Our lives are filled with extremes. Joy and sorrow, love and hate, all these emotions, when taken to the extreme bring us suffering. The Buddhadharma encourages living in the middle way.

Twice a year, at the Spring and Fall equinoxes, we hold a special service called O-Higan. During these times of year, the days and nights are of equal length. The temperature is moderate, between the heat of Summer and the cold of Winter. This balance represents the middle way. O-Higan means “to cross over.” A river is often a symbol used to explain our lives. Our ego driven desires trap us on the “shore of illusion.” Our ignorance causes us to see things as we want, not as they are. We run aimlessly up and own this shore trying to find a way to cross over to the shore of enlightenment. Only when we cross over will we be liberated from our suffering.

The middle way is not a life of compromise. The middle way is a life of awareness of the extremes, and by being aware, avoiding these extremes. When we think of hate and sorrow, seeing them as a cause of suffering seems obvious. Taken to the extreme, and allowed to linger, they almost certainly guarantee suffering. Sorrow, as a natural response to loss, can bring a sense of closure. Attachment to sorrow leads to misery. What about love and joy? How can such positive emotions be the cause of suffering?

When one lives in the middle way, there is an understanding that everything is impermanent. The past is gone. The future is yet to come. Only the eternal now exists. A joyful experience must be recognized as fleeting. Relish this joy while it lasts, but do not become attached to it. Attachment to joy only leads to suffering once the joy has passed.
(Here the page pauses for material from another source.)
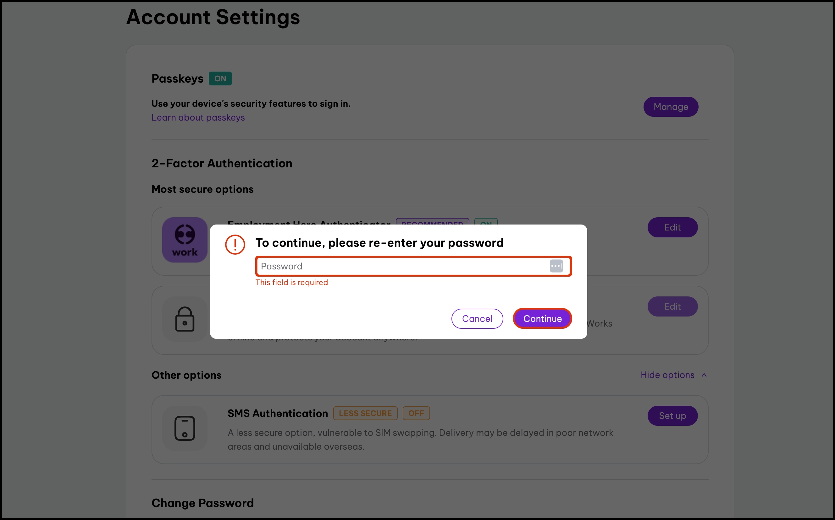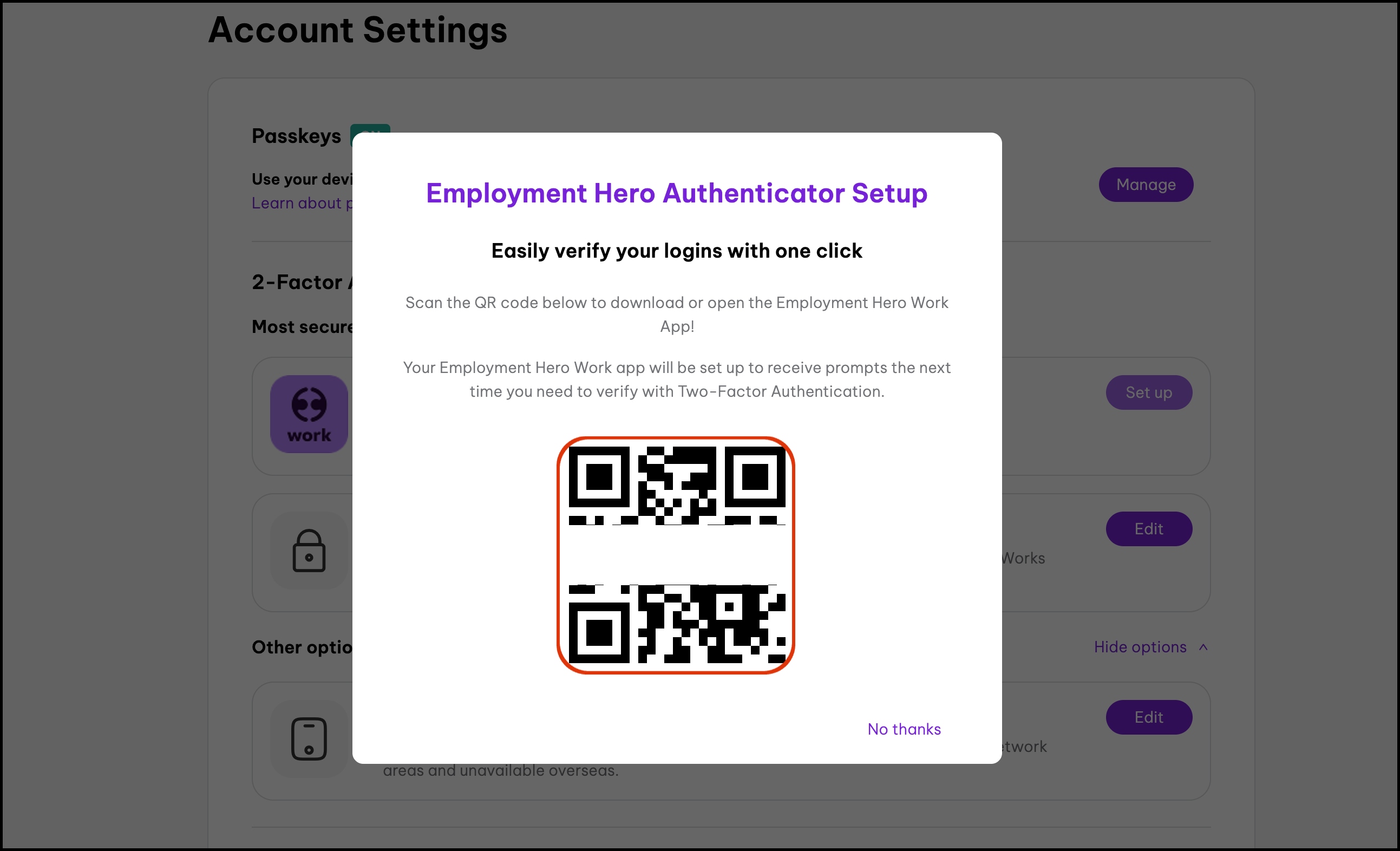 Employment Hero uses 2FA to help keep your account secure. This article explains how to set up 2FA using an authenticator app or an SMS authentication method to receive the required passcode. For more details on enabling 2FA for your employees or organisation, refer to this article.

Love of another person can be the source of great happiness. However, obsessive love results in jealousy, possessiveness and despair. Love of country or religion can be a rewarding and fulfilling experience. Fanatical love, leaving no room for the beliefs of others, has been the cause of countless wars all the way to the present

To live in the middle way is to realize our interconnectedness with all of life. The events in our lives, be they good or bad, are the result of all that has come before. How we react to these events influences the future. The choice is always ours. An awareness of the present moment, distinct from the past and future, helps us avoid extremes.

In our ignorance, we think life is about us. The Buddhadharma shows us that this is not the case. We are a part of the universal oneness, the infinite light and life, wisdom and compassion. This is the “shore of enlightenment.” The middle way is our bridge to this other shore.